Common Hand Problems in Diabetics
Diabetes is a systemic disease with wide ranging manifestations due to defects in insulin production or organ receptor sensitivity to this critical hormone. It has profound effects on the cells comprising the circulatory, nervous and connective tissue systems. This widespread involvement of systems is expressed in the hand, a complex organ of function comprising multiple tissue types.
The treatment requires recognizing the diverse expression of this disease in this wonderful tool that is both an organ of functioning expression as well as sensation.
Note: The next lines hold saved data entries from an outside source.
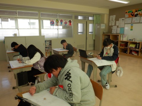 「思い出の場所」を描いています。細かい背景も画用紙いっぱいに描いています。もうすぐ下書きも完成です。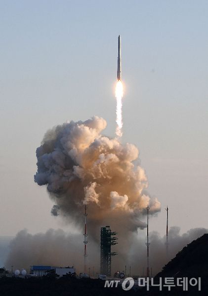 한국형 발사체 누리호(KSLV-ll)가 2022년 6월 21일 고흥군 나로우주센터 제2발사대에서 화염을 내뿜으며 힘차게 날아오르고 있다. 사진=사진공동취재단 |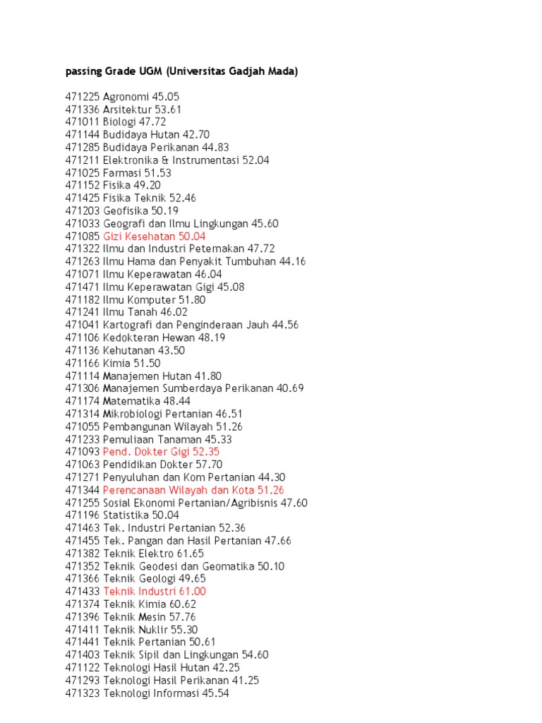 Passing Grade Ugm Universitas Gadjah Mada 2019 2020
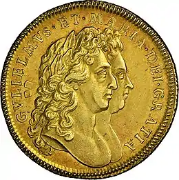 With the removal of James II in the Glorious Revolution of 1688, his daughter Mary, and her husband Prince William of Orange ruled jointly by agreement as co-monarchs. Their heads appear conjoined on the two guinea piece in Roman style, with William's head uppermost, with the legend GVLIELMVS ET MARIA DEI GRATIA. In a departure from the previous reigns the reverse featured a totally new design of a large crowned shield which bore the arms of France in the first quarter, of Scotland in the second quarter, of Ireland in the third quarter, and of England in the fourth quarter, the whole ensemble having a small shield in the centre bearing the rampant lion of Nassau; the legend on the obverse read MAG BR FR ET HIB REX ET REGINA date. The weight tolerance of the coin in this reign was 16.7-16.8 grams. The two guinea coin of this reign was probably the work of James and/or Norbert Roettier and, apart from a rare issue in 1691, it was only produced in 1693 and 1694.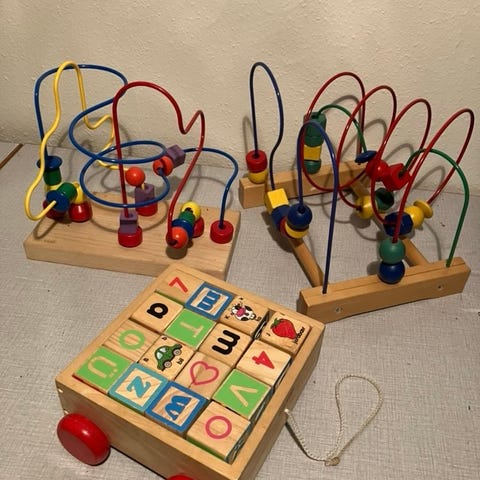 2 skt aktivitetsbiler i stof, IQ Baby, andet babylegetøj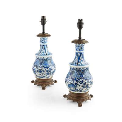 PAIR OF IZNIK TYPE PORCELAIN AND BRONZE BOTTLE VASE LAMPS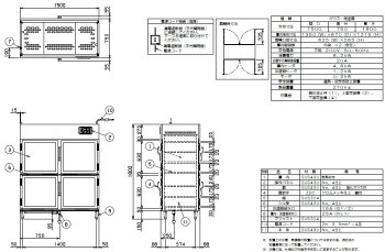 ガラス・両面扉 【外形寸法】間口1500×奥行750×高さ1800mm 【庫内有効寸法】間口1350×奥行670×高さ1215mm 【庫内ヒーター】4.8kW 【加湿ヒーター】1.2kW 【ファンモーター】0.2kW 【電源】3相200V 50/60Hz 【消費電力】6.2kW 【加湿器給水口】15A 【排水口】25A 【必要手元開閉器容量】20A ※減圧逆止弁、固定金具は標準付属品です。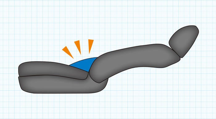 シートを倒した際のシートの形状に合わせて設計された低反発素材のクッションがシートと体にしっかりフィットするから良質な休息を得られ二次疲労を防ぎます。※意匠権登録済み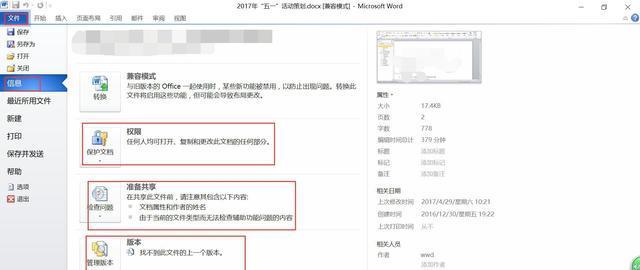 Office 2007左上角的圓形按扭及其下的菜單讓人印象深刻,到了Office 2010里功能更豐富了,特別是文檔操作方面,比如在文檔中插入元數(shù)據(jù)、快速訪問(wèn)權(quán)限、保存文檔到SharePoint位置等等。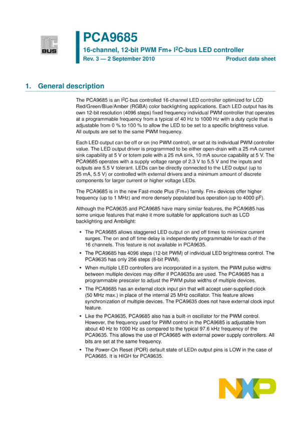 16-channel, 12-bit PWM Fm+ I2C-bus LED controller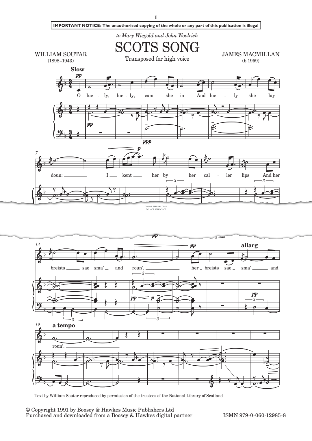 Scots Song - Noten für Gesang, Klavier James MacMillan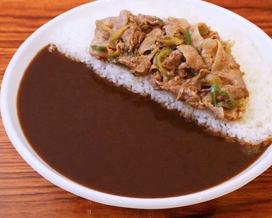 商品概要:肉・ルウ・米の全部盛り!三位一体めし!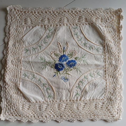 Kaunis siisti ristipistotyö ohuesta villalangasta. Tyynynpäälinen on siisti.

Typically, diabetes patients have symptoms that are due to these problems going unrecognized. Often times, they are not severe, and hence are not brought to the attention of the primary care physician or endocrinologist. In other cases, the symptoms are not recognized as being a manifestation of a very treatable problem. The hand surgeon should be involved at an early time when any of these symptoms present as the pathology can be arrested at an early stage and avoid more severe morbidity.
Numbness or tingling in the fingers is often ignored until it becomes persistent or painful. This if often interpreted as neuropathy and occurs commonly in the foot. However, the foot is much more commonly involved with neuropathy and leads to different and more severe problems with ulceration, since it is a weight-bearing organ. This tingling, or “paresthesias”, is more often due to nerve compression in the upper extremity. Most commonly, carpal tunnel syndrome is present, which is median nerve compression at the level of the wrist. It is actually due more to inflammation of the surrounding flexor tendons, rather than direct pathology of the nerve itself. The nerve can be more sensitive to compression if an element of neuropathy is present. Patients typically complain of numbness or tingling in the thumb or central fingers. This is often worse at night and can cause difficulty sleeping. Chronic and severe compression of the nerve leads to weakness of the thumb with subsequent difficulty in many daily tasks.
The diagnosis of carpal tunnel syndrome is usually made through a careful history and physical exam of the hand, and confirmed by nerve conduction studies, which measure the electrical conduction of the median nerve through the wrist. The treatment initially consists of sleeping with a night splint, which keeps the wrist in a neutral position, and high doses of vitamin B6. Anti-inflammatories may help as well, and in certain indications a cortisone injection in the wrist. However, the majority of cases with significant persistent symptoms will require a decompression of the carpal canal to take pressure off the median nerve. This has been traditionally done by an open incision, but can now be done endoscopically in a minor procedure with local anesthesia. Patients can use the hand immediately after the outpatient procedure, and only need to miss a minimum amount of work and can usually forego any therapy.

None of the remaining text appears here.